Thanks for the help, to you both, it is very much appreciated.

It will always be a capital Y in Yes as it the value  is hardcoded in the form on the checkbox in the form.
If it not a capital Y, it need to fail anyway, as it means something gone wrong somewhere.
I will give this a try in a bit, and mark up the solution.

Edited by CBG
3 hours ago, CBG said:

Would this give the option to do under the following examples below?
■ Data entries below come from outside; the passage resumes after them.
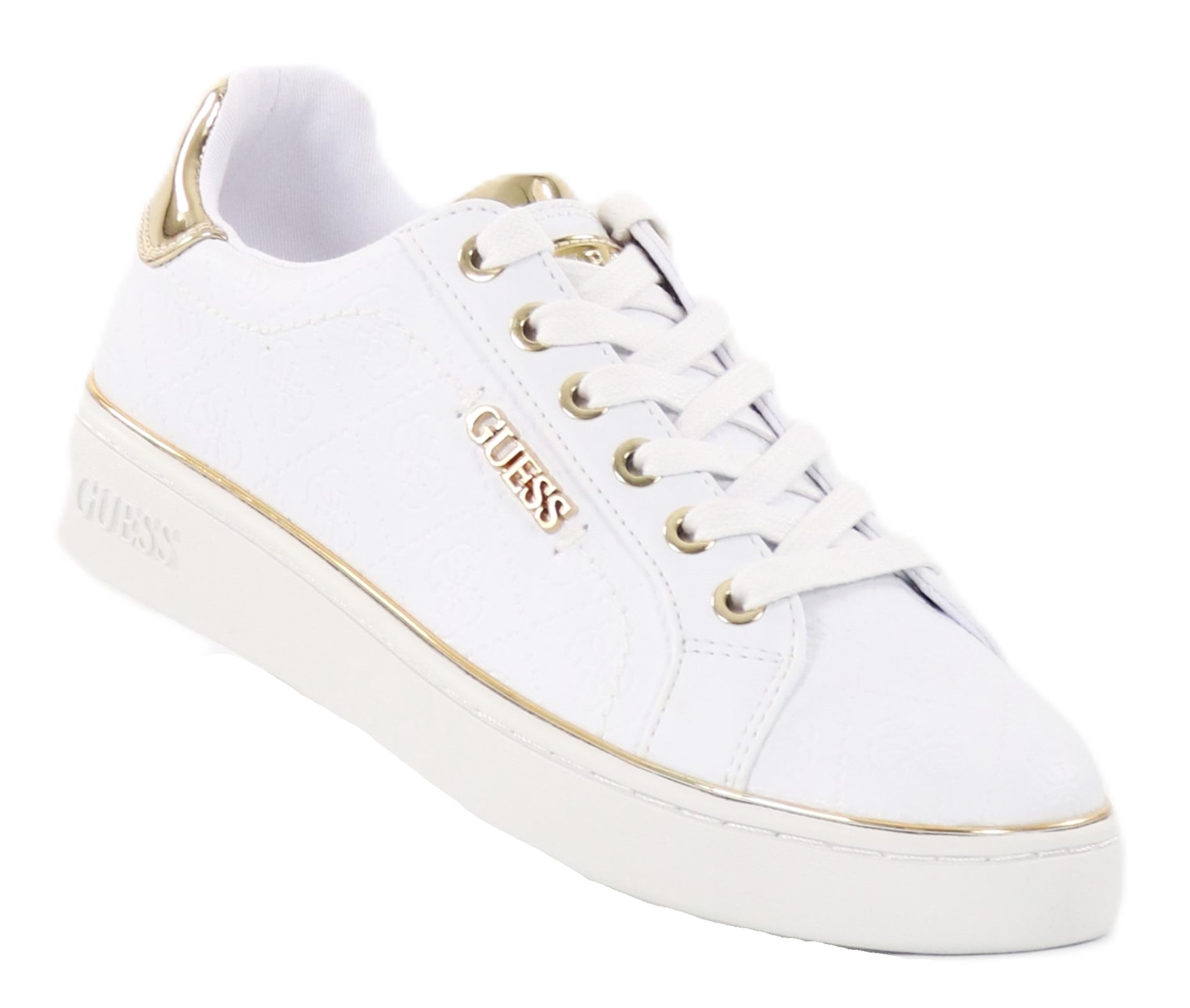 Snygga sneakers från Guess med logomönstrad ovandel och gyllene detaljer.
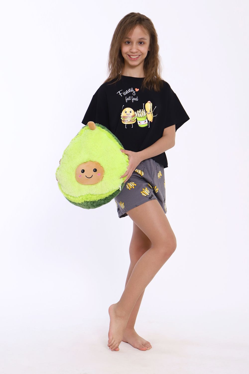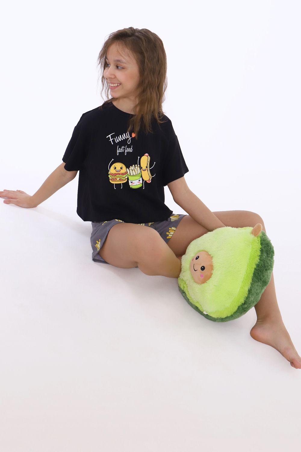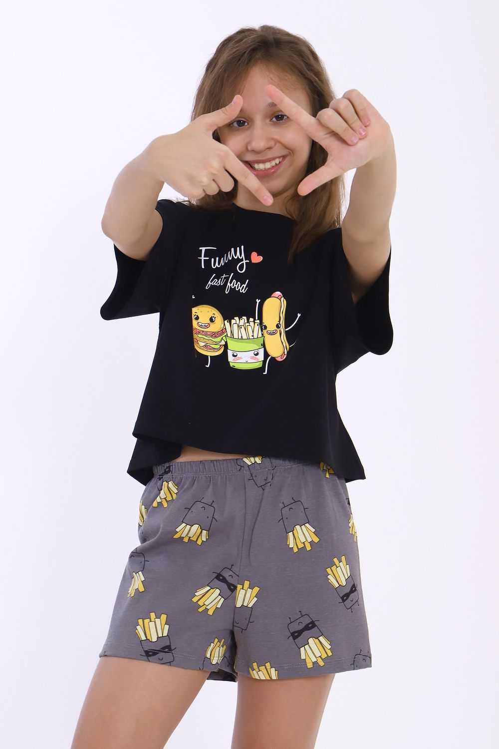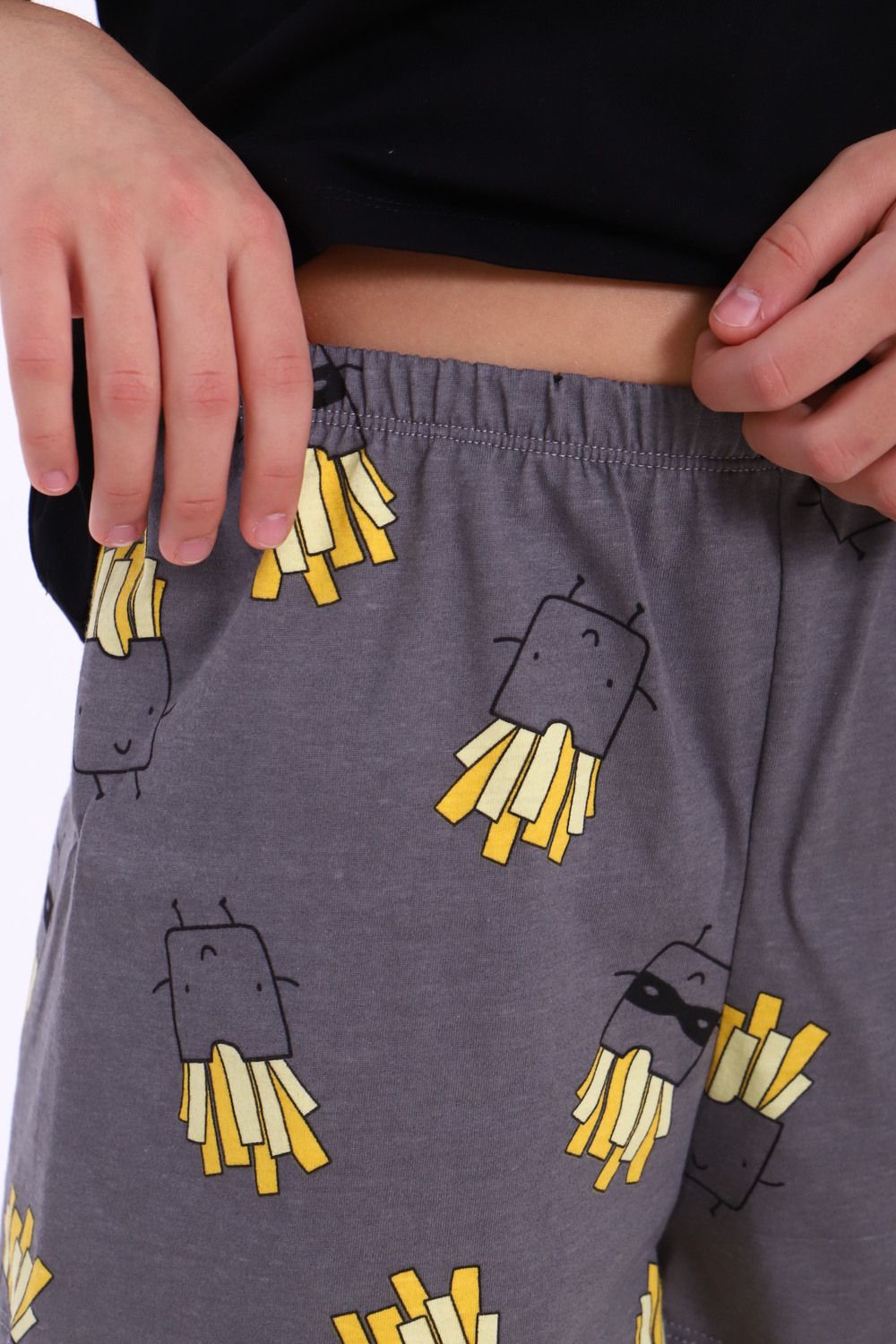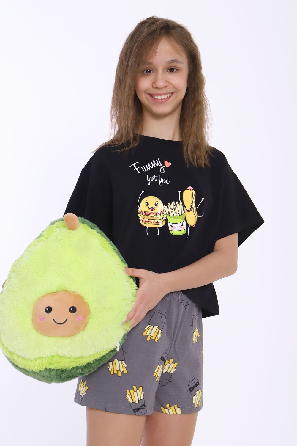 Пижама для девочки Картошка фри арт. ПД-019-046 - черный/серый
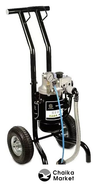 | Комплект поставки | - агрегат окрасочный высокого давления на тележке и с заборным шлангом для краски (комплект);- шланг высокого давления для краски – 15 м.;- безвоздушный краскопульт в комплекте с фильтром в ручке и соплодержателем;- сопло реверсивное безвоздушное;- инструкция. |

yes. which you can determine by testing.

2 hours ago, CBG said:

the checkbox in the form

unchecked checkboxes are not set in the submitted form data. your code should only be concerned if the checkbox data isset() or is (not) !isset(). the logic would be -

if (isset($p) && !isset($d) && !isset($c) && !isset($o))
{
	echo "error";
}

 

Posted (edited)
14 minutes ago, mac_gyver said:

yes. which you can determine by testing.

unchecked checkboxes are not set in the submitted form data. your code should only be concerned if the checkbox data isset() or is (not) !isset(). the logic would be -

if (isset($p) && !isset($d) && !isset($c) && !isset($o))
{
	echo "error";
}

 

I have a set of if else for each of d, c and o to change the answer to either be Yes or No to check for in the code, using the below.
It check the value from the form checkbox, this is working fine.
 

		if ($d == "D") {
			$d = "Yes";
		} else {
			$d = "No";
		}
		if ($c == "C") {
			$c = "Yes";
		} else {
			$c = "No";
		}
		if ($o == "O") {
			$o = "Yes";
		} else {
			$o = "No";
		}

 

Edited by CBG

You're limiting yourself by trying to do everything at once. Take it in logical steps:

	if(
		$d != 'Yes'
		&& $c != 'Yes'
		&& $o != 'Yes'
	) {
		echo 'Nope';
		return false;
	}
	if($p != 'Yes'){
		echo 'Nope';
		return false;
	}
	echo 'Yup';
	return true;

If all the three additional variables is not 'Yes', kill it. If any of the three is 'Yes', check the value of $p (you can switch these around if you want, it shouldn't matter). If $p is not 'Yes', kill it. Otherwise, you know $p is 'Yes' and at least one of the other three variables is 'Yes', so your criteria is met and you can continue with your logic.

Edited by maxxd

Hi CBG,

@mac_gyver actually posted the solution that you have chosen. And i want to say that mac_gyver and maxxd are better programmers and they have more experience than i do in this field. However, i disagree with any solutions that create a bunch of if branches because every step that a program takes can really slow it down. I definitely disagree that you cannot check it all at once. Personally, i recommend using the tools in the PHP toolbox to your advantage. I would do the following and be done with it:

<?php

$p = 'Yes';
$d = 'No';
$c = 'No';
$o = 'No';
$pinary = [$p] === ['Yes'];
$nerror = [$d, $c, $o] === ['No','No','No'];

if ($p && $nerror) { echo 'error'; exit; }
echo 'No errors detected';

?>
	

then i would unset $pinary and $nerror to spare memory (even though 100% of coders would tell you not to do that). My point, is that you can check it all at once but you could do it differently. I would define an error and simply check if it is true.

Edited by jodunno
board code keeps formatting my code. I had to backspace the added spaces.